(Not So) Random Film of the Week: The Big Sleep

the big sleep MPI’ve probably seen Howard Hawks’ The Big Sleep about a dozen or so times over the years and I still can’t properly describe the plot of the film even after finally reading the Raymond Chandler novel it’s based on. That said, it’s always been a fun classic film to watch a few times because Humphrey Bogart plays his part so effortlessly and the other actors follow suit with some solid performances.

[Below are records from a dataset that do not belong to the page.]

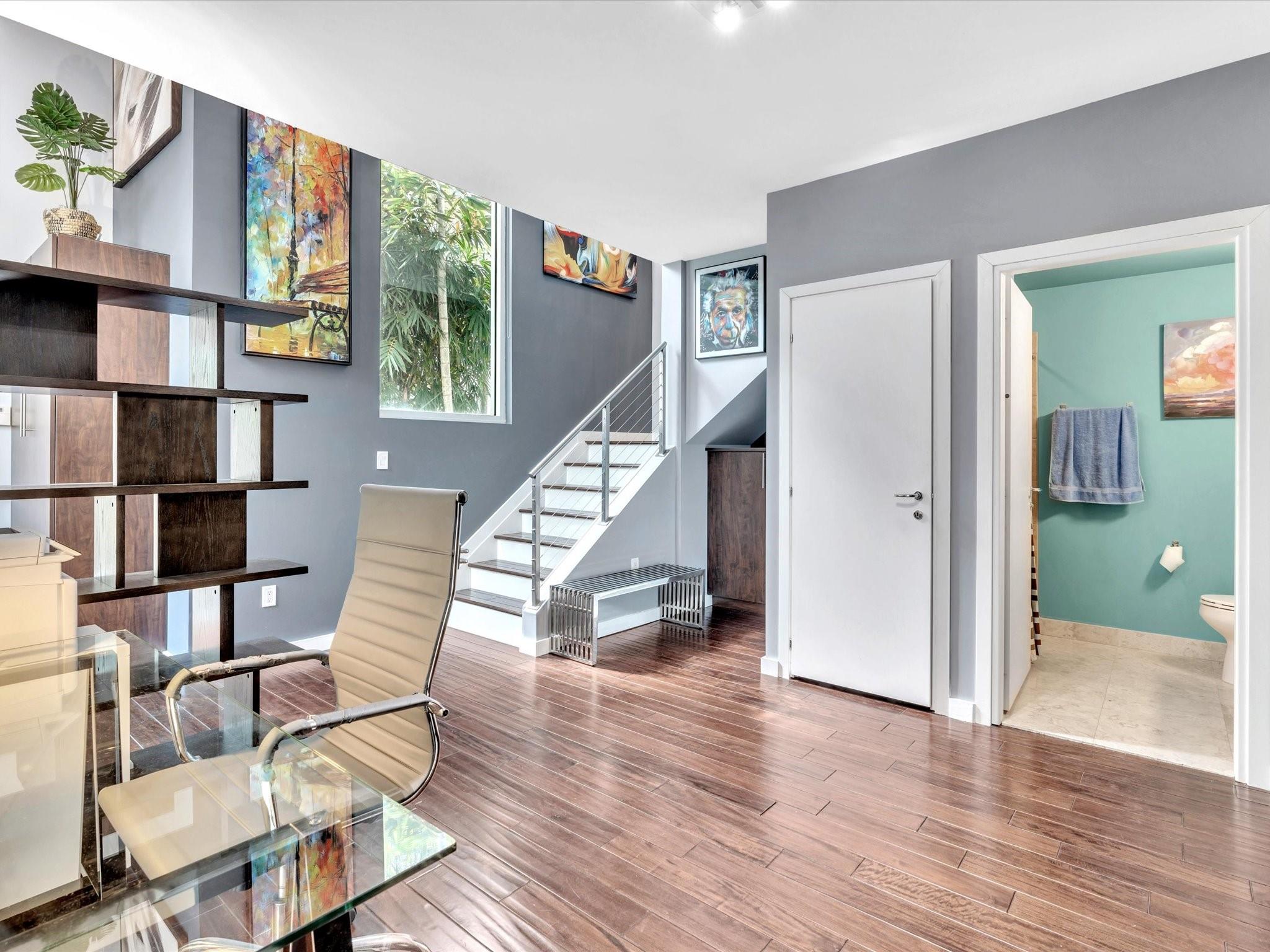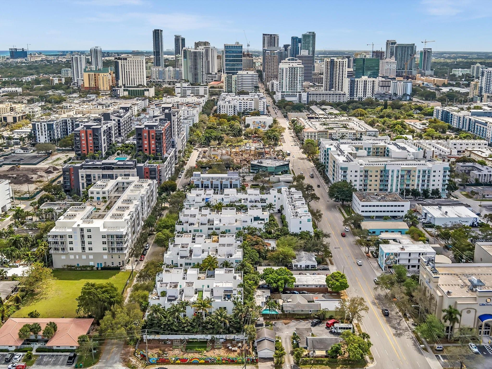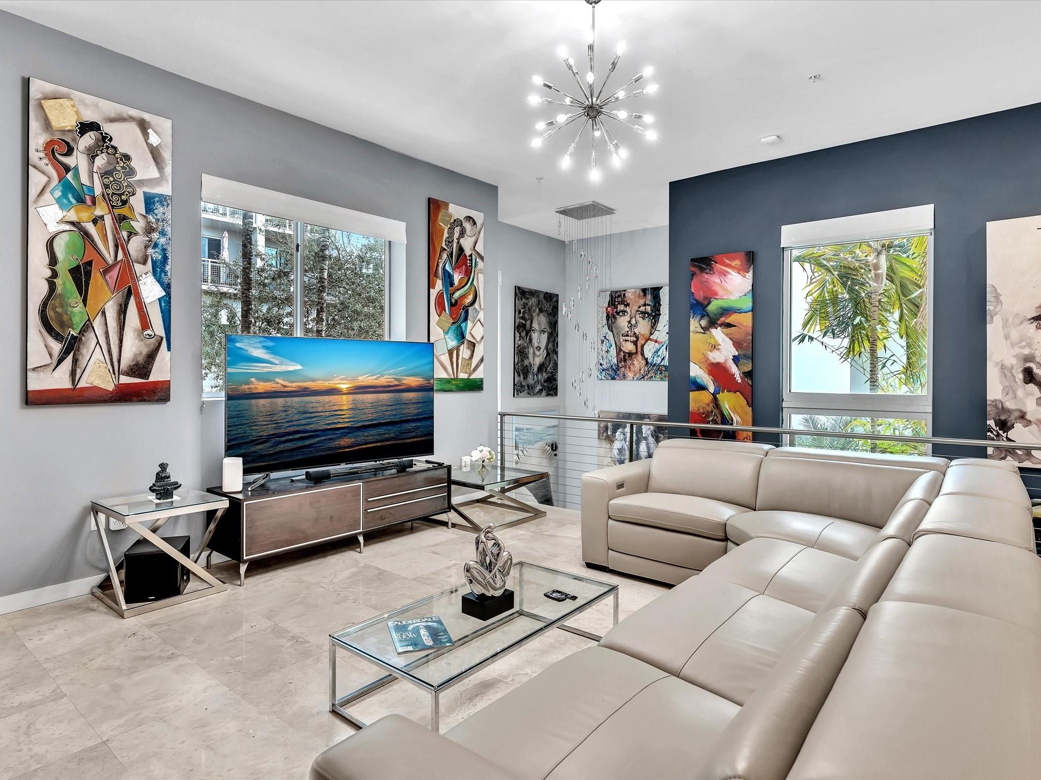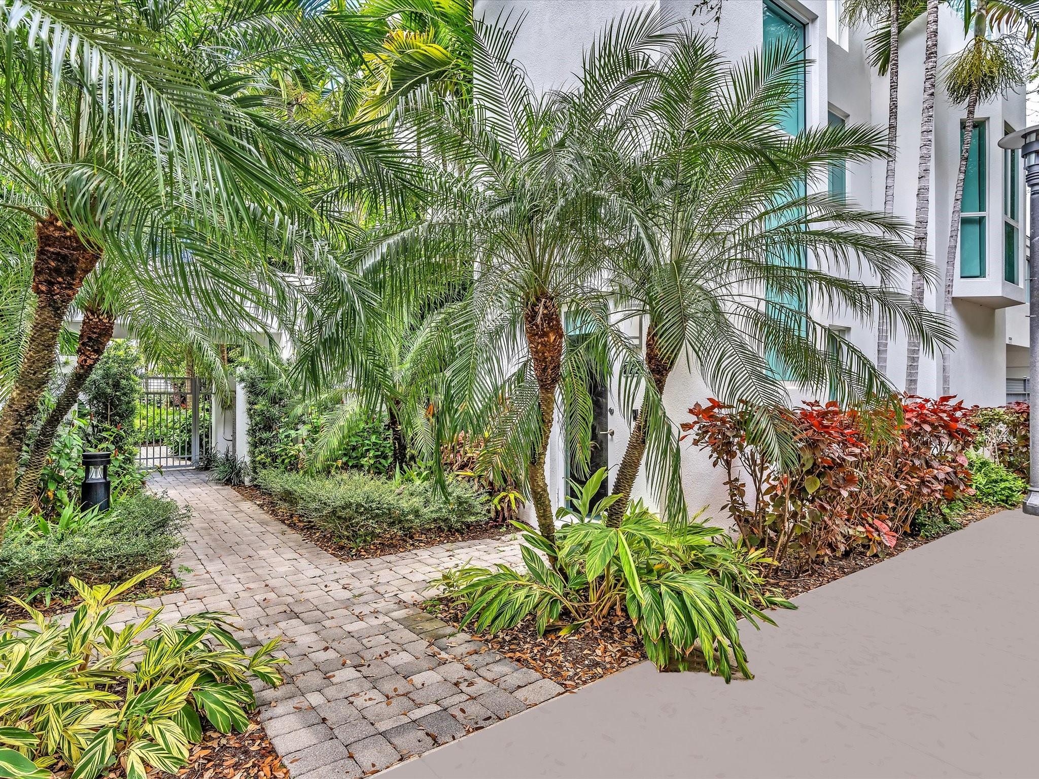 Elegant 4-story, fully furnished townhome with 50 paintings. Bamboo Flats community in the vibrant Flagler Village, downtown FTL. This property features 3 bedrooms, one could be used as office space on the ground floor, 3 full bathrooms, and a half bath, all designed with a modern aesthetic. The home boasts open, spacious living areas with 9 to 11-foot ceilings, large windows, and abundant natural light, complemented by custom-built cabinetry. The layout includes a 2-car garage and an office/den on the 1st floor, a kitchen and living area, plus one bedroom on the 2nd floor, and the master bedroom with ensuite bathroom, walk-in closet, terrace, washer/dryer (3rd floor). A large rooftop terrace (4th floor). Secure, gated community with lush tropical gardens and a beautiful pool area.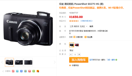 佳能 SX275 HS 苏宁易购售价:1650元>>点击购买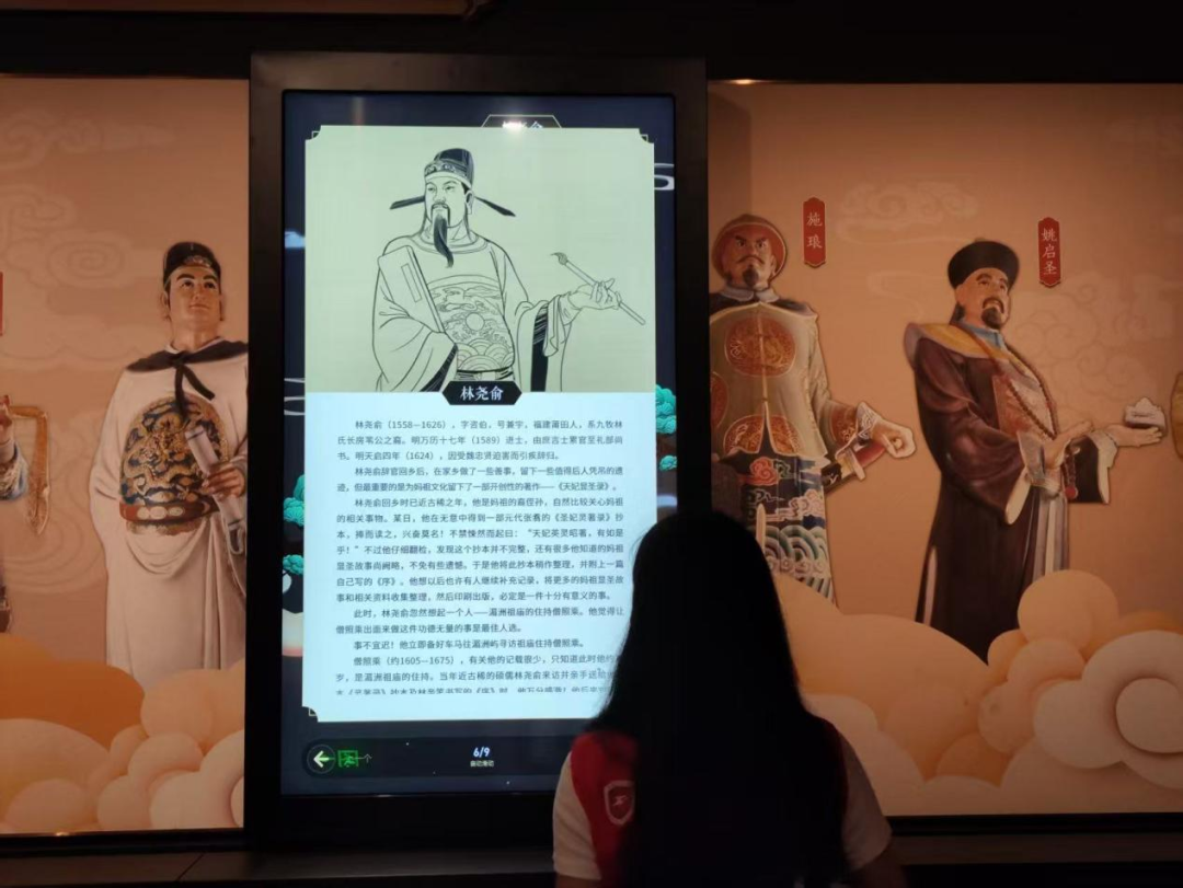 移步至多媒体展示区,沉浸式影片生动还原妈祖生平故事。从林默降生的传奇,到行善济世的点滴,再到升天成圣的信仰传承,光影交织间,妈祖“立德、行善、大爱”的精神内核,愈发清晰地烙印在队员们心中。大家围站在一起,专注的神情里,是对这份跨越千年文化传承的敬重与思索——妈祖文化何以历经岁月而不衰?答案或许就藏在这故里的一景一物、一史一事中,藏在世代相传的信仰与践行里。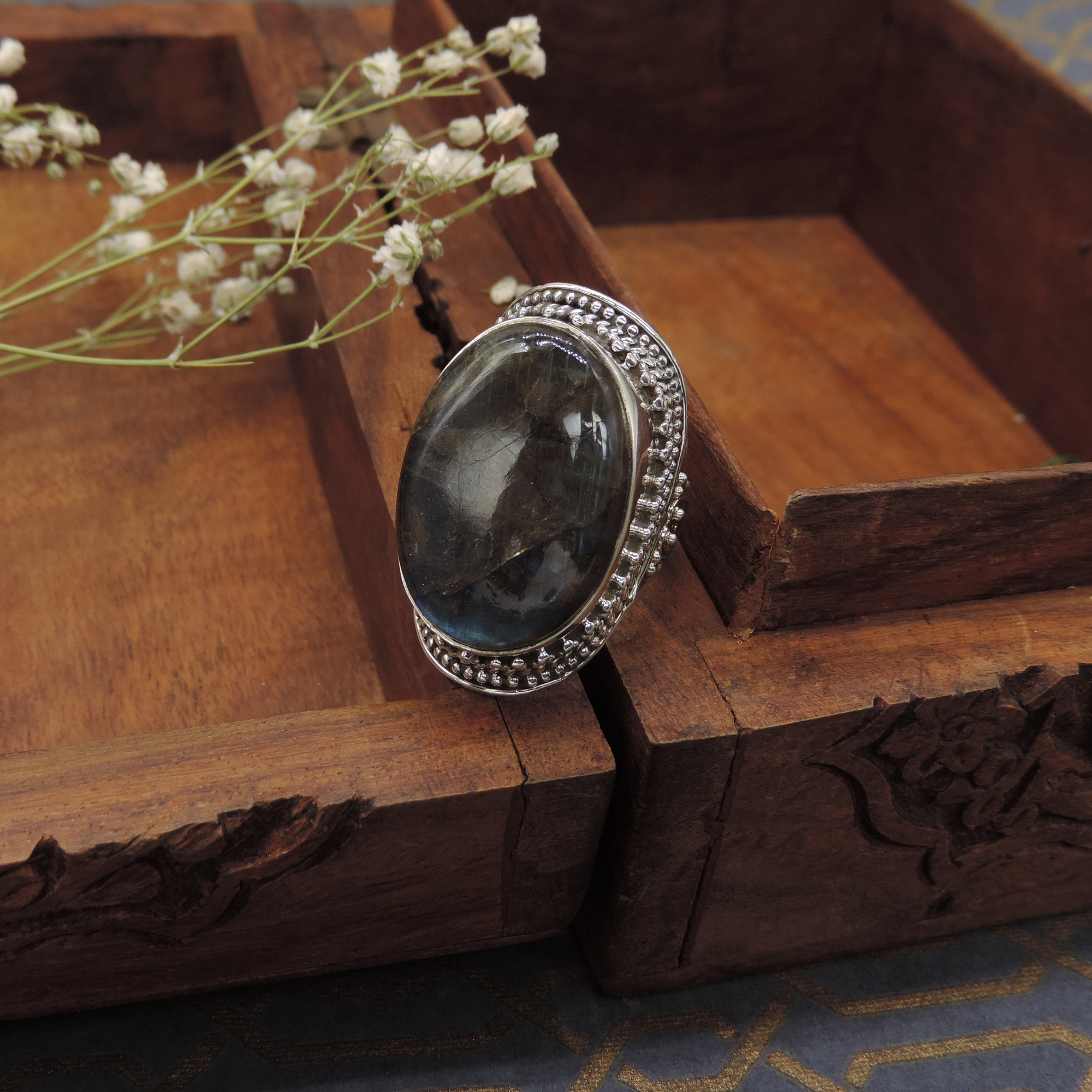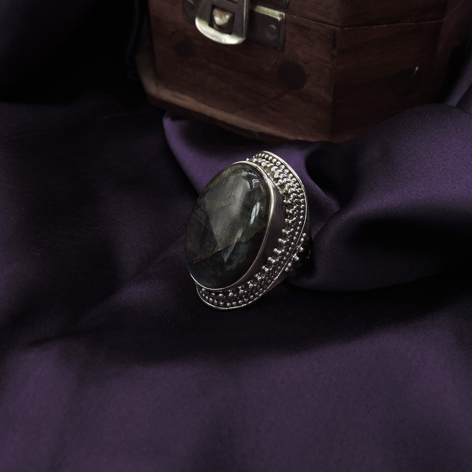 Large oval cabochon Labradorite in smooth bezel setting with granulation halo. Dark greenish-grey stone with natural inclusions. Statement ring with oxidized detailing.

Yes, I know the film is all about private eye Philip Marlowe’s (Humphrey Bogart) somewhat interesting and somewhat laid back investigation process in a particularly confounding murder/extortion/sex/drugs case where a number of bodies drop before all is said and done.  That said, the plot spills all over the place like a tipsy barmaid wearing roller skates trying to carry a tray of drinks onboard a capsizing ship.  In the end, none of the plot bumps really hurt the movie because you’ll likely end up loving the end result for Howard Hawks’ directing and the cast doing their best with that loopy William Faulkner/Jules Furthman/Leigh Brackett script (which got a few other hands involved as well).

TBS_03

The film is also a great look at the real-life blossoming Bogart and Bacall relationship with the snappy chemistry between the pair (working together for the second time) getting the sparks going full on despite the Hays Code restrictions. In other words, a little innuendo goes a long way, folks. That said, rather than do a rote retelling of the plot (which would take a longer post, trust me), this bit of pillow fluff will take a detour into Philip Marlowe’s amusingly laid back approach to dealing with most of the film’s other actors.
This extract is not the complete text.